With it on, Claude plans a workflow for each substantive task instead of waiting for you to ask.

A single request can even fan into several workflows in a row: one to understand the code, one to make the change, one to verify it.

When and why to reach for it

Ultracode earns its keep when a task outgrows what one conversation can coordinate, or when you want the orchestration codified as a re-runnable script. The canonical examples from the docs:

  • A codebase-wide bug sweep across hundreds of files.
  • A large migration (think 500 files) where the same transform applies everywhere.
  • A research question whose sources have to be cross-checked against each other.
  • A hard plan worth drafting from several independent angles before you commit.

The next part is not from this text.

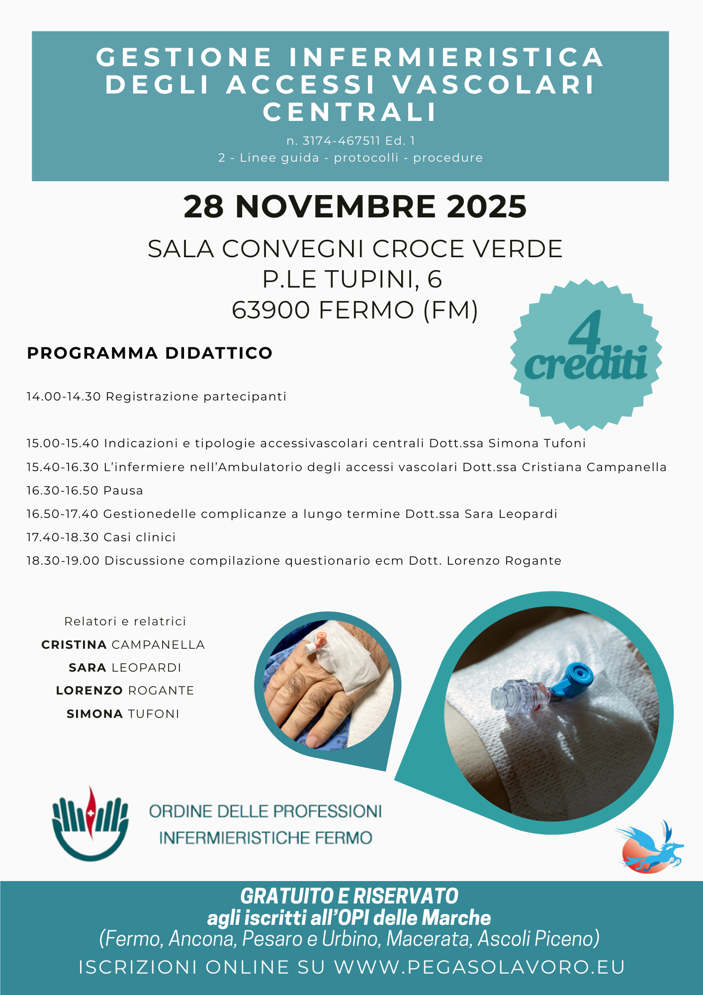QUESTO CORSO INTENSIVO DI 4 ORE È PENSATO PER FORNIRE AGLI INFERMIERI CHE OPERANO NEI VARI CONTESTI CLINI-CI UNA FORMAZIONE AGGIORNATA E PRATICA SULLA GESTIONE SICURA, EFFICACE E BASATA SULLE EVIDENZE DEGLI ACCESSI VENOSI CENTRALI. ATTRAVERSO L'ANALISI DI LINEE GUIDA INTERNAZIONALI, CASI CLINICI E BUONE PRATICHE, VERRANNO APPROFONDITI GLI ASPETTI ESSENZIALI PER GARANTIRE UN’ASSISTENZA DI QUALITÀ, RIDURRE I RISCHI E MI-GLIORARE L’OUTCOME DEL PAZIENTE.

The "why" is more interesting than just "it runs more agents." Workflows let Claude apply repeatable quality patterns a single pass can't. Independent agents can adversarially review each other's findings before they're reported. A plan can be drafted from multiple angles and weighed. The result isn't just faster, it's more trustworthy, because something checked it.

A useful framing from secondary coverage: ultracode earns its cost when the price of missing something exceeds the compute. A security audit where one missed finding is expensive is a perfect fit. Renaming a variable is not.

How it works under the hood

This is where dynamic workflows get genuinely clever. A dynamic workflow is a JavaScript program Claude writes on the fly to coordinate subagents. The runtime executes that script in the background while your chat session stays responsive.

The key architectural move:

A workflow moves the plan into code. With subagents, skills, and agent teams, Claude is the orchestrator... and every result lands in a context window. A workflow script holds the loop, the branching, and the intermediate results itself, so Claude's context holds only the final answer.

That's the whole trick. In a normal turn-by-turn agent pattern, every subagent result flows back into Claude's context window, so you hit the context ceiling fast. In a workflow, the loop, the branching, and all the intermediate results live in script variables outside the context window. Only the final answer returns to the conversation. That's why a workflow can coordinate dozens or hundreds of agents without running out of room.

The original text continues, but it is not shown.